**Task details:** Output, exactly as written, the lines below from the one that has "Exalt vs. Exult | PDF" through the one that has "Bà Lee Jeong"; nothing else, and no pictures.

Segment Start: Supplied data

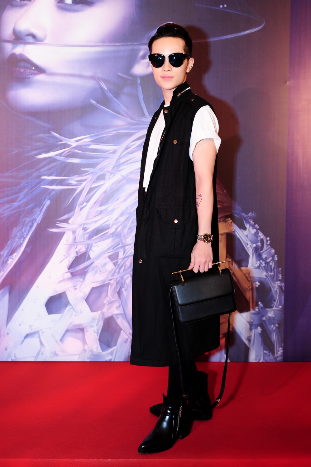 | Stylist Kelbin Lei phá cách với trang phục unisex, tông màu trắng đen. |
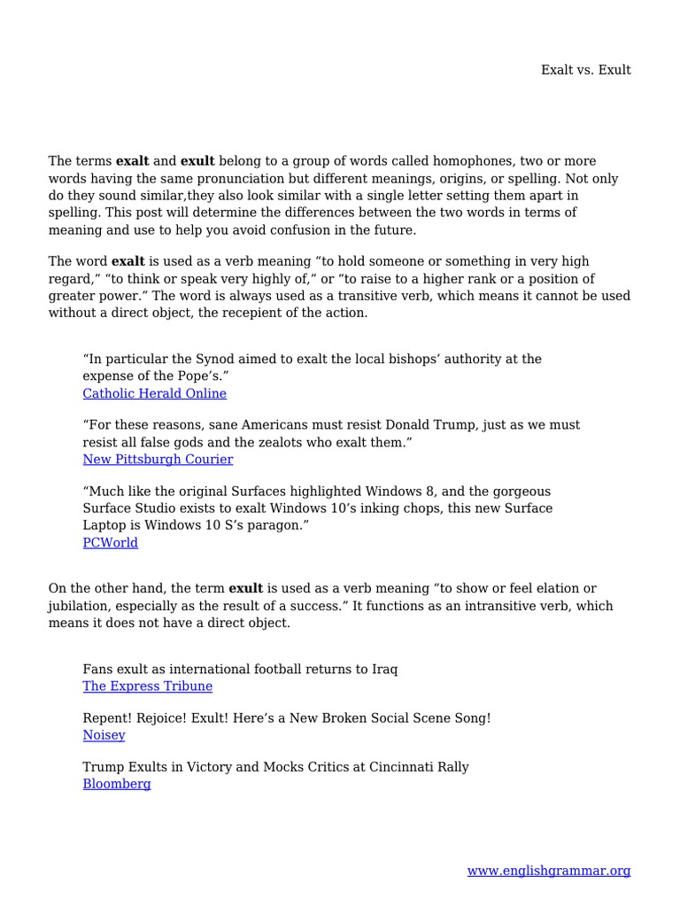 Exalt vs. Exult | PDF
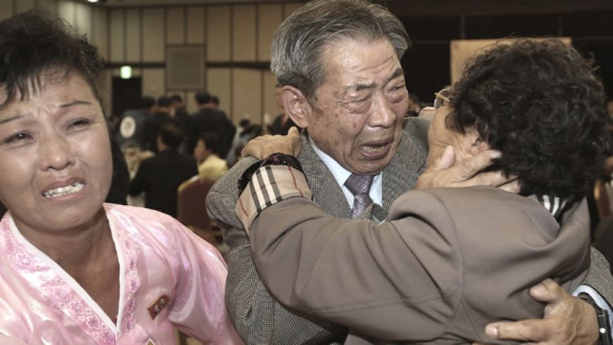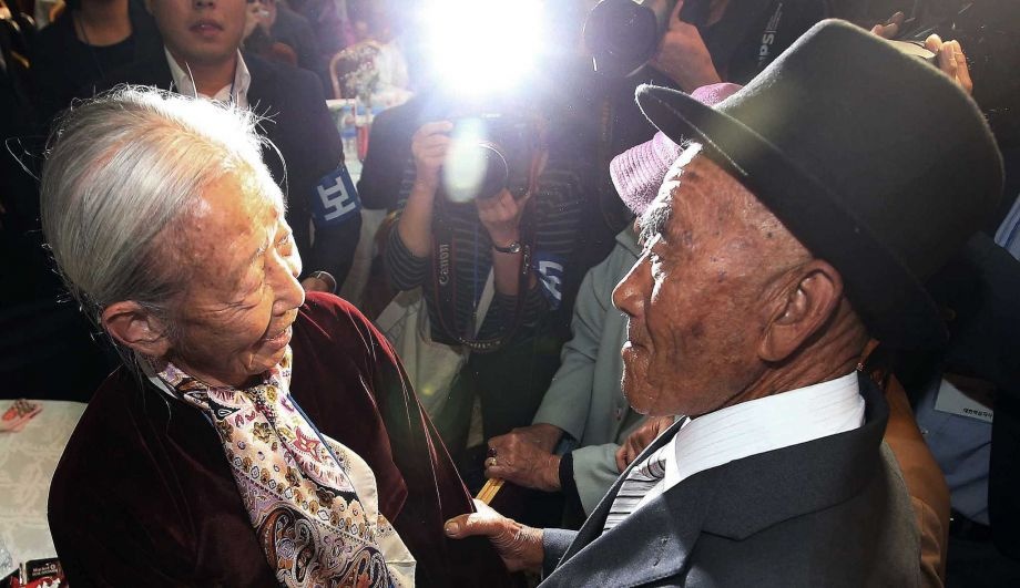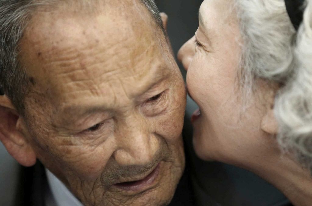 Bà Lee Jeong Suk hôn lên má người cha 88 tuổi, Ri Hung Jong. Cuộc đoàn tụ lần này là kết quả của một thoả thuận hồi tháng 8, sau một loạt xung đột diễn ra giữa hai miền bán đảo Triều Tiên. |
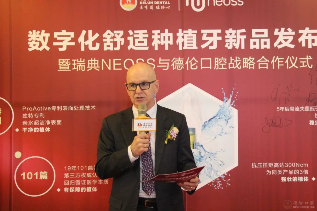 2019年12月18日,德伦口腔数字化舒适种植牙新品发布会暨瑞典NEOSS与德伦口腔战略合作仪式在德伦口腔东风总院盛大举行,瑞典NEOSS亚太副总裁JOHN教授、NEOSS中国事业部市场部总经理徐跃先生、NEOSS尼奥斯华南区负责人陈昌亮先生、德伦口腔牙周种植科主任兼集团牙周技术总监、德伦口腔东风总院口腔外科罗朝阳主任、德伦口腔集团护理部吕金英副主任、德伦口腔东风总院种植科陈医生等嘉宾出席了本次活动。
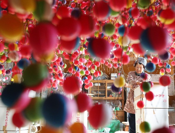 Sản xuất “bóng kén” là truyền thống trang trí năm mới ở xứ sở hoa anh đào. Người Nhật thường trang trí miếu nhà bằng những quả bóng kén nhiều màu sắc rực rỡ để cầu sức khỏe, an lành. Ảnh: Getty.

Segment End: Supplied data

**Solution:**
 Exalt vs. Exult | PDF
 Bà Lee Jeong Suk hôn lên má người cha 88 tuổi, Ri Hung Jong. Cuộc đoàn tụ lần này là kết quả của một thoả thuận hồi tháng 8, sau một loạt xung đột diễn ra giữa hai miền bán đảo Triều Tiên. |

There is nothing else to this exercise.